## Introduction

Proof analysis is a central mathematical activity which proved crucial to the development of mathematics. Indeed many mathematical concepts such as the notion of group or the notion of probability were introduced by analyzing existing arguments. In some sense the analysis and synthesis of proofs form the very core of mathematical progress (see e.g. Polya 1954a and Polya 1954b).

Cut-elimination, introduced by Gentzen,
is the most prominent form of proof transformation in logic and plays an
important role in automating the analysis of mathematical proofs.
The removal of cuts corresponds to the elimination of intermediate
statements (lemmas) from proofs resulting in a proof which is
analytic in the sense, that all statements in the proof are
subformulas of the result. Therefore, the proof of a *
combinatorial statement* is converted into a purely *
combinatorial proof*. Cut-elimination is therefore an essential
tool for analyzing mathematical proofs, especially to make
implicit parameters explicit. In particular, cut free derivations
admit the extraction of Herbrand disjunctions, which can be used
for establishing bounds on existential quantifiers (e.g. see
Luckhardt's analysis of the Theorem of Roth).

In a formal sense Girard's famous analysis of van der Waerden's theorem consists in the application of cut-elimination to the proof of Fürstenberg/Weiss (which uses topological arguments) with the "perspective" of obtaining van der Waerden's elementary proof. Indeed, an application of a complex proof transformation like cut-elimination by humans requires a goal oriented strategy.

Note that cut-elimination is *non-unique*, i.e. there is no
single cut-free proof which represents *the* analytic version
of a proof with lemmas. Therefore the application of purely
computational methods on existing proofs potentially produces new
interesting proofs. Indeed, it is non-uniqueness which makes
computational experiments with cut-elimination interesting (see
Baaz, Hetzl, Leitsch, Richter and Spohr 2004).
The experiments can be considered as a source for a base of proofs in
formal format which provide different mathematical and
computational information.

CERES (see Baaz and Leitsch 2000 and
Baaz and Leitsch 2006) is a
cut-elimination method that is based on resolution. The method
roughly works as follows: The structure of the proof containing
cuts is mapped to an unsatisfiable set of clauses C
(the *characteristic clause set*). A resolution refutation of
C, which is obtained using a first-order theorem
prover, serves as a skeleton for the new proof which contains only atomic
cuts. In a final step also these atomic cuts can be eliminated, provided the
(atomic) axioms are valid sequents; but this step is of minor
mathematical interest and of low complexity.
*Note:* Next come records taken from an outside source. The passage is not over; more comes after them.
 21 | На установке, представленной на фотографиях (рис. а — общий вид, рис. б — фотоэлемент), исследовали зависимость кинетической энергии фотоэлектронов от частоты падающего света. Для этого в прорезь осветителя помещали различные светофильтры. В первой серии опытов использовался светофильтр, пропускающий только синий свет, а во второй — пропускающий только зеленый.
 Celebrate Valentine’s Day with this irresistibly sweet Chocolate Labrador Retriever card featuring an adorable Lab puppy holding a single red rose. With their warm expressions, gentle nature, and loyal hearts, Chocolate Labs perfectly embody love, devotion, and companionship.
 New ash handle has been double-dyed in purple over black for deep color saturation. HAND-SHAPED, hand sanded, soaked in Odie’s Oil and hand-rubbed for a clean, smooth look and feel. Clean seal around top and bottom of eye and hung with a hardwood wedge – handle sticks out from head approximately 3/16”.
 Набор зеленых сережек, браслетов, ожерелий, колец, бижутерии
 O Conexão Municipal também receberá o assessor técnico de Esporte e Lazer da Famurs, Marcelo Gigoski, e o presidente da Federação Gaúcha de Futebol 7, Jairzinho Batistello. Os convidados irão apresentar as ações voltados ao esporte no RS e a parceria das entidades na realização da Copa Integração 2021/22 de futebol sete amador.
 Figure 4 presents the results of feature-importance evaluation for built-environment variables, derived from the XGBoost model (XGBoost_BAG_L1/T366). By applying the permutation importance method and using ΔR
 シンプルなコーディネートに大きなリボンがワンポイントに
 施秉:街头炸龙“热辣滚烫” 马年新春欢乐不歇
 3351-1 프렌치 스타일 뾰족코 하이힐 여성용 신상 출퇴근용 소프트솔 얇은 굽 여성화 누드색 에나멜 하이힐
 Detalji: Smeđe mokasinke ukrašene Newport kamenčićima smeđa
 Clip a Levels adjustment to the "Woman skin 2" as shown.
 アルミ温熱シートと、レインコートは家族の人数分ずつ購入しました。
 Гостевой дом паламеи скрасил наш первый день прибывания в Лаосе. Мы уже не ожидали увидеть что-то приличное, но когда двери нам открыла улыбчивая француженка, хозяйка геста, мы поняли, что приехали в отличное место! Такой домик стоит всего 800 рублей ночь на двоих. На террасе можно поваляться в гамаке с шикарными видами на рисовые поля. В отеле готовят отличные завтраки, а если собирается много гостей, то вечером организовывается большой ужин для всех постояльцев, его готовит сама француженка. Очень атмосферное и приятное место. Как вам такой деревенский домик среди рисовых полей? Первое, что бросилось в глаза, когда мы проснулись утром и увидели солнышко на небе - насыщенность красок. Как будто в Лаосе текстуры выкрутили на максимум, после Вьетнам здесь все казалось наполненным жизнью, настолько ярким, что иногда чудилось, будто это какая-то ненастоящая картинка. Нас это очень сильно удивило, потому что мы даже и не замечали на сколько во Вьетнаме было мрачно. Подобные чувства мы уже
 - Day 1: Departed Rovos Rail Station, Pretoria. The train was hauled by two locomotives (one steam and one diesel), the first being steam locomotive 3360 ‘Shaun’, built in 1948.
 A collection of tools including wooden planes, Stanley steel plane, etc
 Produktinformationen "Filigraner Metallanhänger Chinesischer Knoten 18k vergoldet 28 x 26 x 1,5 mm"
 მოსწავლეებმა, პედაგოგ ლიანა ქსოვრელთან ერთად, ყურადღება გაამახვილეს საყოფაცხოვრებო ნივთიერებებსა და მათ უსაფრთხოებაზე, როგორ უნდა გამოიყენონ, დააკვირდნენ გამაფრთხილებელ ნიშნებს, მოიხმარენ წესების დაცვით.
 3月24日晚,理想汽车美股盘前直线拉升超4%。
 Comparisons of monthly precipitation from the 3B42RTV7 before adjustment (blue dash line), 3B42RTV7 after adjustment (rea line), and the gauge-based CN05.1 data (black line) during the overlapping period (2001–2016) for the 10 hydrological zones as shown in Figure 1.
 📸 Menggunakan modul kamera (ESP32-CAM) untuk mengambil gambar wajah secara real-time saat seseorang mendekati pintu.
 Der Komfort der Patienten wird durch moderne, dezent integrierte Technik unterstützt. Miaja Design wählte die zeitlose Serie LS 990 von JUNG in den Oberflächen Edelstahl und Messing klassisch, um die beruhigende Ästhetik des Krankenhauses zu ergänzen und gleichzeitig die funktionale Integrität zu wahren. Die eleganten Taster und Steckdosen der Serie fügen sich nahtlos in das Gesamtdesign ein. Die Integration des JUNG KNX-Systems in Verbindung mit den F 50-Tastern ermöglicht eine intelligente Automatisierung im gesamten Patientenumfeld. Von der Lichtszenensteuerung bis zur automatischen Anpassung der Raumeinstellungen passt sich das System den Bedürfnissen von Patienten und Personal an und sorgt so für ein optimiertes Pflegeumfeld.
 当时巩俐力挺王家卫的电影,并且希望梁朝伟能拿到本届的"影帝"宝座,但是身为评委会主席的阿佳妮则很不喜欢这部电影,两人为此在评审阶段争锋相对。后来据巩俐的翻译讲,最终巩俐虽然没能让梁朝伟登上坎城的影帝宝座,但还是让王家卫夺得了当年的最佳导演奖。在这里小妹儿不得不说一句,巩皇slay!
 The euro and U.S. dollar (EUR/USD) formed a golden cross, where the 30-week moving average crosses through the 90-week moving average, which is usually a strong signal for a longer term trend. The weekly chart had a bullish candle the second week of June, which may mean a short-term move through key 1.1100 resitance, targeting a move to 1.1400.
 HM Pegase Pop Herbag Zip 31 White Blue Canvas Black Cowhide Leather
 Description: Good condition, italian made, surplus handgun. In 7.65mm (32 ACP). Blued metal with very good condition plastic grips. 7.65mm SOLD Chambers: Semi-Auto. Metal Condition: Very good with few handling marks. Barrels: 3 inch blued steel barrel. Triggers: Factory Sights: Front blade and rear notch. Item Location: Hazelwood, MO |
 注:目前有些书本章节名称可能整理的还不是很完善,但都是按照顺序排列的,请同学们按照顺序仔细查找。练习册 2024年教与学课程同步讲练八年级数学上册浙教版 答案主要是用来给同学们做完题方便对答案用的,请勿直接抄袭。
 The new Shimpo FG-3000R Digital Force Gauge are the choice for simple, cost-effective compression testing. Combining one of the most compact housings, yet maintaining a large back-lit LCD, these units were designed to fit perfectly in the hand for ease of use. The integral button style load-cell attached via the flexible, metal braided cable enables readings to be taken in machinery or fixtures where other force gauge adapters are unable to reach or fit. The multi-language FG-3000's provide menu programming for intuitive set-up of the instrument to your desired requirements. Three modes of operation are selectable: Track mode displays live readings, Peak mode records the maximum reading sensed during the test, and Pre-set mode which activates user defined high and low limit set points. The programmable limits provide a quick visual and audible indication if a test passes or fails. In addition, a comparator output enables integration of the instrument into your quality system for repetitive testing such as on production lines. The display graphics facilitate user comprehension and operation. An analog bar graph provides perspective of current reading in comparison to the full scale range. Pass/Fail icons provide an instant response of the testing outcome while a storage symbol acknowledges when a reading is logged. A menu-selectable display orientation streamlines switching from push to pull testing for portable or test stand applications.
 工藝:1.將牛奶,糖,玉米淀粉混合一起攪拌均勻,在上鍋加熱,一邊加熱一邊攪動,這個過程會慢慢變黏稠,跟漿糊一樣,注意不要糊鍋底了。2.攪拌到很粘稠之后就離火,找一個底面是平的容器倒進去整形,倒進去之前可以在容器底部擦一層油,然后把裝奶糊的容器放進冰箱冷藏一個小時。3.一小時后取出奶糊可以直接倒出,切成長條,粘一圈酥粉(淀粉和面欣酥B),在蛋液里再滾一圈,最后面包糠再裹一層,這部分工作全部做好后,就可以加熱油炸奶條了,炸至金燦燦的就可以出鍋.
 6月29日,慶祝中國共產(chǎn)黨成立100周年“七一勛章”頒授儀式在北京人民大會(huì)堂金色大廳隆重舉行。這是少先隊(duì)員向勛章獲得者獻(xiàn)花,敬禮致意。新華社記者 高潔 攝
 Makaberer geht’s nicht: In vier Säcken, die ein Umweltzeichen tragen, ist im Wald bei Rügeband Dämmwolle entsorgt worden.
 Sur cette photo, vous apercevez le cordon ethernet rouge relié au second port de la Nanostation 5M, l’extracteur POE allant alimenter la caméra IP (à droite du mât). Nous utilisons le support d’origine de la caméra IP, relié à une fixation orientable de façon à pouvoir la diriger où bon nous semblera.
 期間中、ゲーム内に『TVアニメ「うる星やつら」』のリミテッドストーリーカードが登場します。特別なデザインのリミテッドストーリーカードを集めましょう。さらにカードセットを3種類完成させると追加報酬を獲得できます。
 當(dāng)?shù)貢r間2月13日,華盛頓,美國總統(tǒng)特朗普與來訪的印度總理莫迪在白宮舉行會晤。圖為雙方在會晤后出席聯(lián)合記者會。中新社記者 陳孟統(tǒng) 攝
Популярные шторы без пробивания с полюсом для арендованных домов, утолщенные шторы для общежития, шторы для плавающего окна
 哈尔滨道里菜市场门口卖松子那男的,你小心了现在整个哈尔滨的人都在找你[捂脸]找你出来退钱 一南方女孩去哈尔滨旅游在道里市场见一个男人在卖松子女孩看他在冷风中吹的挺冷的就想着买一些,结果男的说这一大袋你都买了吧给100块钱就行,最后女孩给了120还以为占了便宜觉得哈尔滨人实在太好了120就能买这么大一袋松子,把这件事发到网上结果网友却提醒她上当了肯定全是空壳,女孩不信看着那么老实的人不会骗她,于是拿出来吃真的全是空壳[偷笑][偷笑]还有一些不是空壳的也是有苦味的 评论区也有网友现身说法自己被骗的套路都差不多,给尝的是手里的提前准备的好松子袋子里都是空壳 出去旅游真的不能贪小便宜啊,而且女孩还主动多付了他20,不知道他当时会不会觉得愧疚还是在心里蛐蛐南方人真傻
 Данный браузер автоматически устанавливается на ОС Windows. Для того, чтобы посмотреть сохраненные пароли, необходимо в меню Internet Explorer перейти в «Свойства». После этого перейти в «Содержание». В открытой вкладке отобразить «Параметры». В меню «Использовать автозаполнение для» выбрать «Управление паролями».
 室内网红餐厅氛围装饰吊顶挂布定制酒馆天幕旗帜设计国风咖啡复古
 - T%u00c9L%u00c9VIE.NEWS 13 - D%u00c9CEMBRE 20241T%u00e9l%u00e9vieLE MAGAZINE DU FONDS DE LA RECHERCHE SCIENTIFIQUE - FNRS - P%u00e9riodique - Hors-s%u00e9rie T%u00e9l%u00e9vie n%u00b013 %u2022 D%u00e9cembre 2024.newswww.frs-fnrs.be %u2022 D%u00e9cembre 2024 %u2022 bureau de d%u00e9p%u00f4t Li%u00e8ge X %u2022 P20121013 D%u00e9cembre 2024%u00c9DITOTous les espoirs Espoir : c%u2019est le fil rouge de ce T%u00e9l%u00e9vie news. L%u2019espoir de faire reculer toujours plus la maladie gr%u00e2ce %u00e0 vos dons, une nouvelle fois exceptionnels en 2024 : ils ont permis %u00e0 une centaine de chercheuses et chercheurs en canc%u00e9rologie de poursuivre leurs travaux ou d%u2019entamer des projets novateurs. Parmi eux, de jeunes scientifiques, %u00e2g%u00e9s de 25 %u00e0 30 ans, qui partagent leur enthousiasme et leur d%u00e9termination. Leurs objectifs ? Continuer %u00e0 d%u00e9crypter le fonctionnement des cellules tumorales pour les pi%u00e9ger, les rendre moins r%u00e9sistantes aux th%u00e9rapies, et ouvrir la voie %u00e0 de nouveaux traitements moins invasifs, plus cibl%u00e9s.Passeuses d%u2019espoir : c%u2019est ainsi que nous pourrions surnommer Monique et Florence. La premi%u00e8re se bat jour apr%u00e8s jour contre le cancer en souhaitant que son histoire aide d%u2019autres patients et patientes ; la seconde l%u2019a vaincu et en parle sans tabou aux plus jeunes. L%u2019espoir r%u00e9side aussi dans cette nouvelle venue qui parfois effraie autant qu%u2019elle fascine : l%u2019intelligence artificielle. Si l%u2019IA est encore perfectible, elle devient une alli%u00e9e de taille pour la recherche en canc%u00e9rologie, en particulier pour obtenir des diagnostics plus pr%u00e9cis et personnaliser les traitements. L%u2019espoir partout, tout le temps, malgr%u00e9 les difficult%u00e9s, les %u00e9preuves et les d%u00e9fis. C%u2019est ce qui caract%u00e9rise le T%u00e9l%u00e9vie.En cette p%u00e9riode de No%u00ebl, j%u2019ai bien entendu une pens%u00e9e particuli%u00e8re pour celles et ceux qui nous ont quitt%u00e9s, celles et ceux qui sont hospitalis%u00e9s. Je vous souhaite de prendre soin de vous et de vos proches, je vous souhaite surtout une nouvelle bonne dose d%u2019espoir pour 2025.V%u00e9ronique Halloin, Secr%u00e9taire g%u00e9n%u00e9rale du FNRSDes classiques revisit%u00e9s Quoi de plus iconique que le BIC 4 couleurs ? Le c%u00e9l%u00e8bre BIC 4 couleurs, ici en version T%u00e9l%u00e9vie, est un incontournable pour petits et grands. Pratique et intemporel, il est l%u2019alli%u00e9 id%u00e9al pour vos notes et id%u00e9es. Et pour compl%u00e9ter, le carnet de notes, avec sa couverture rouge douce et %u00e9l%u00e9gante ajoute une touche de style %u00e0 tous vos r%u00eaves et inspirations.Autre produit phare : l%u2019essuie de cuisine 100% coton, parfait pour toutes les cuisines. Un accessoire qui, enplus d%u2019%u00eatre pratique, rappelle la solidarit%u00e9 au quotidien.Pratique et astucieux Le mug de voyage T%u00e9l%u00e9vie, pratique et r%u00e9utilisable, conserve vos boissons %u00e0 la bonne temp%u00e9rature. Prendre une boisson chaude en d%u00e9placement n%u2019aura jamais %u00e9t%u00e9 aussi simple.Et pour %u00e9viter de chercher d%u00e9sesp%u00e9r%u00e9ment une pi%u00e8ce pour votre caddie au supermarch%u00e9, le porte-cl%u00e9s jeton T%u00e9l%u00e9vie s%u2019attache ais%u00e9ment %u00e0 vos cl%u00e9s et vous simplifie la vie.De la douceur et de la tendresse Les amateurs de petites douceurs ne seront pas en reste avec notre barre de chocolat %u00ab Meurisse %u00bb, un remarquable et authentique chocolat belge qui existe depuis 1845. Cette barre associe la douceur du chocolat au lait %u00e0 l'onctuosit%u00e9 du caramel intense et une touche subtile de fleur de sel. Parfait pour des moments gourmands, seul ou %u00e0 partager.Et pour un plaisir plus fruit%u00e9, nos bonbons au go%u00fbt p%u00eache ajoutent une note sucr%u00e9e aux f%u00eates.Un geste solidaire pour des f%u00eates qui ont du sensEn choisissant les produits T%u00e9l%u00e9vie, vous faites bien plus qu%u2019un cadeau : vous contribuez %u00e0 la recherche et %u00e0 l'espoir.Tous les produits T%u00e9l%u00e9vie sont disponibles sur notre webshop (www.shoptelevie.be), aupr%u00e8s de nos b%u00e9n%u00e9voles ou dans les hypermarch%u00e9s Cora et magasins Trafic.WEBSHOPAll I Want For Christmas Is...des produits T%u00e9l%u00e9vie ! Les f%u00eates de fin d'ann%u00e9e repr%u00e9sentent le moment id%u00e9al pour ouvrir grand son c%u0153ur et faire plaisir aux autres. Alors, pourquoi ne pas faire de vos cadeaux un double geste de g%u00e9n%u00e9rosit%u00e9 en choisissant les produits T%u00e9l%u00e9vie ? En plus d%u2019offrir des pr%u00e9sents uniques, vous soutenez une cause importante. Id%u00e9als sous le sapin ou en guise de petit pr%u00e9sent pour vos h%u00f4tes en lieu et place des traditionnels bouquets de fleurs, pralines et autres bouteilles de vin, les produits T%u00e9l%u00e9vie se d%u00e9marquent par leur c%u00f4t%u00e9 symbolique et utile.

In the system
CERES this method of cut-elimination has been implemented. The system is
capable of dealing with formal proofs in an extended version of
**LK**, among them also very large ones (i.e. proofs with more
than 1500 nodes and cut-elimination has been done within 14 seconds).
The extension of CERES from **LK** to **LKDe**,
a calculus containing definition introductions and equality rules (see
Leitsch and Richter 2005 and
Baaz, Hetzl, Leitsch, Richter and Spohr 2006),
moves the system closer to real mathematical proofs.

Another step is the extension of CERES to second and higher order logic (see Hetzl, Leitsch, Weller and Woltzenlogel Paleo 2009, Weller 2010 and Hetzl, Leitsch and Weller 2011). Since proof Skolemization does not carry over to higher order logic, eigenvariables are replaced by Skolem terms in the sequent calculus **LK _{sk}**. Now the proof projections may become locally unsound due to eigenvariable violations, still they fulfill some global soundness conditions which allows to transform them back to

**LK**. The system CERES was extended within the Generic architecture for proofs framework in order to support these features.

An alternative approach to higher order logic is the extension of CERES to a schematic sequent calculus **LK _{sch}** defined by primitve recursion. In the first step, a restricted class of cuts over propositional proofs is analyzed. The next goal is the generalization to first order formulas. Research in this direction is undertaken in a joint project with the CAPP at the Laboratoire d'Informatique de Grenoble.